Niqash-Ibrahim Saleh

Earlier this month the Baghdad provincial council voted to separate the Shaab neighbourhood in north eastern Baghdad from a neighbouring area, Adhamiyah. Most of the locals living in Adhamiyah are Sunni Muslims whereas most of those in the Shaab neighbourhood are Shiite Muslims. So naturally the decision has given rise to accusations of sectarian motives on the part of the local council.

There are also concerns that this is just the first small step along the road to further similar changes in Iraq: Such a decision could make separating Iraqi suburbs and even provinces on a sectarian basis easier in the future. In turn, locals worry that this is a creeping phenomenon that could see the whole of Iraq changing slowly, into three different regions: Shiite, Sunni and Kurdish.

The decision is going to improve the security situation, Mohammed al-Jabrawi, a senior member of the council’s security committee, who also belongs to the Shiite Muslim-oriented Badr party, explained. There won’t be any negative side effects either because the security here will still be controlled by Baghdad Operations Command, the military unit dedicated to the capital’s security, he said.

The decision was apparently also motivated by planning considerations. Many of the capital’s neighbourhoods and district borders were drawn up when forecasts said the city would only ever have around 2 million inhabitants; there are now closer to 8 million.

Ask those Iraqis living in Shaab for their thoughts about the split though and those who had heard about it, said they didn’t think much of it. Most were of the opinion that it was not going to have a major impact on the reality in their neighbourhood; it wasn’t going to somehow magically improve state services to Shaab, nor did they think it would result in any kind of improved security situation.

Shaab has been the location of many terrorist events and is also well known for high levels of organized crime and kidnapping. But whether separating from the next-door Sunni Muslim neighbourhood was going to change that was unclear.

The map of Baghdad is being redrawn.

“People don’t really expect things to change for the better after a decision like this,” commented Amir Hassan, a Shaab resident.

The decision to separate Shaab from Adhamiyah may also be a step toward making Shaab part of the huge, Shiite-majority Sadr City district. There has been talk about making Sadr City a province in its own right. And geographically at least Shaab has always had more in common with Sadr City than Adhamiyah anyway. Only one street separates them whereas Shaab is separated from Adhamiyah by a highway.

Besides criticisms about the potentially sectarian nature of the decision, the new district borders are also causing concerns that other parts of the capital, and even other parts of the country, could be “annexed” according to their population’s sectarian make-up.
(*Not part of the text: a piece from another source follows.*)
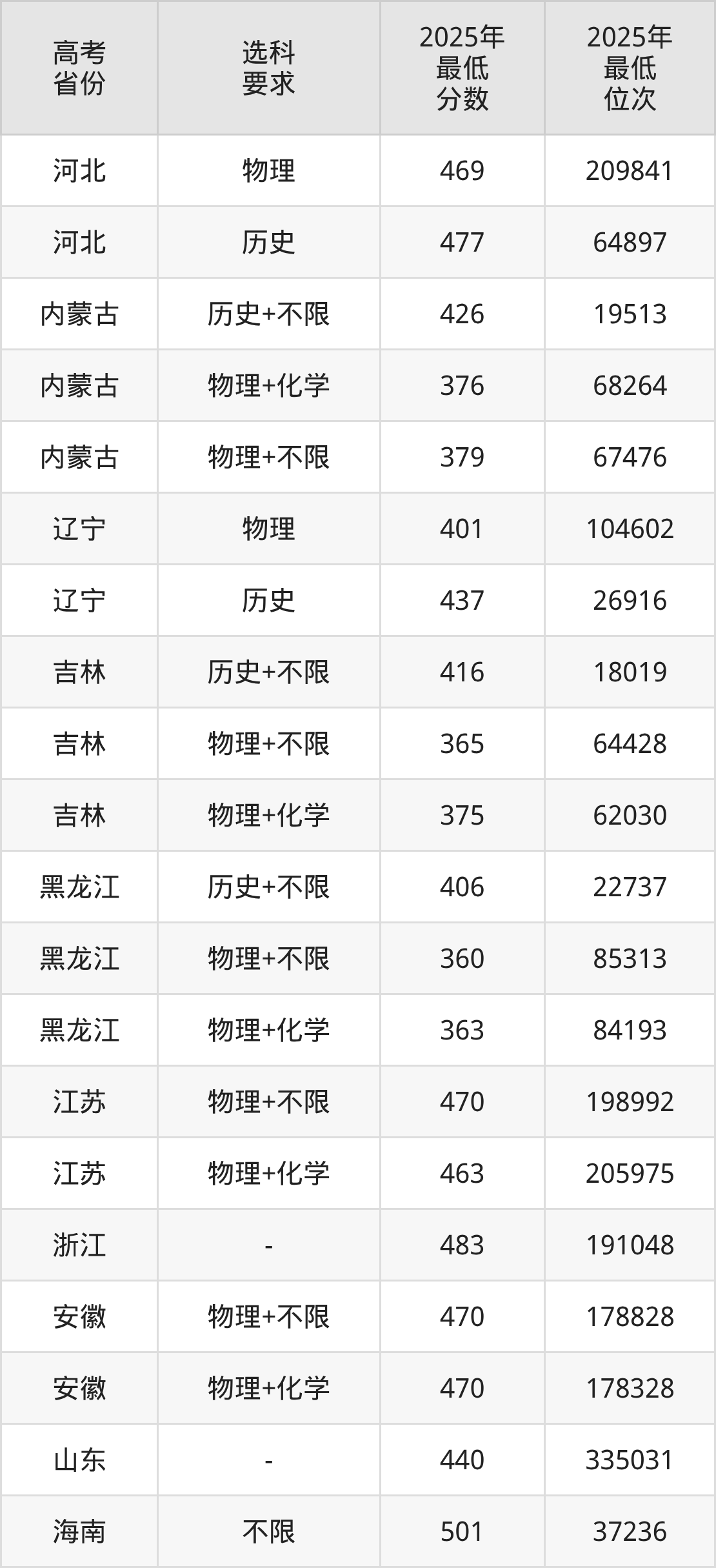 在2025年吉林高考物理类招生时,公办本科收分最低的是内蒙古民族大学第007组,最低分是170分、位次是78981位。再看吉林动画学院,2025年在吉林物理类的最低录取分数线是365分,最低位次是64428位。

For example, locals in nearby Fallujah are scared that some of their areas could be taken away and annexed to the Abu Ghraib district, which is part of Baghdad but borders on Anbar province, of which Fallujah is part. This would bring outlying parts of Fallujah under the control of the Baghdad Operations Command too, ending what has been a shared responsibility. And locals worry that it is not just security concerns behind these administrative changes, but also political objectives.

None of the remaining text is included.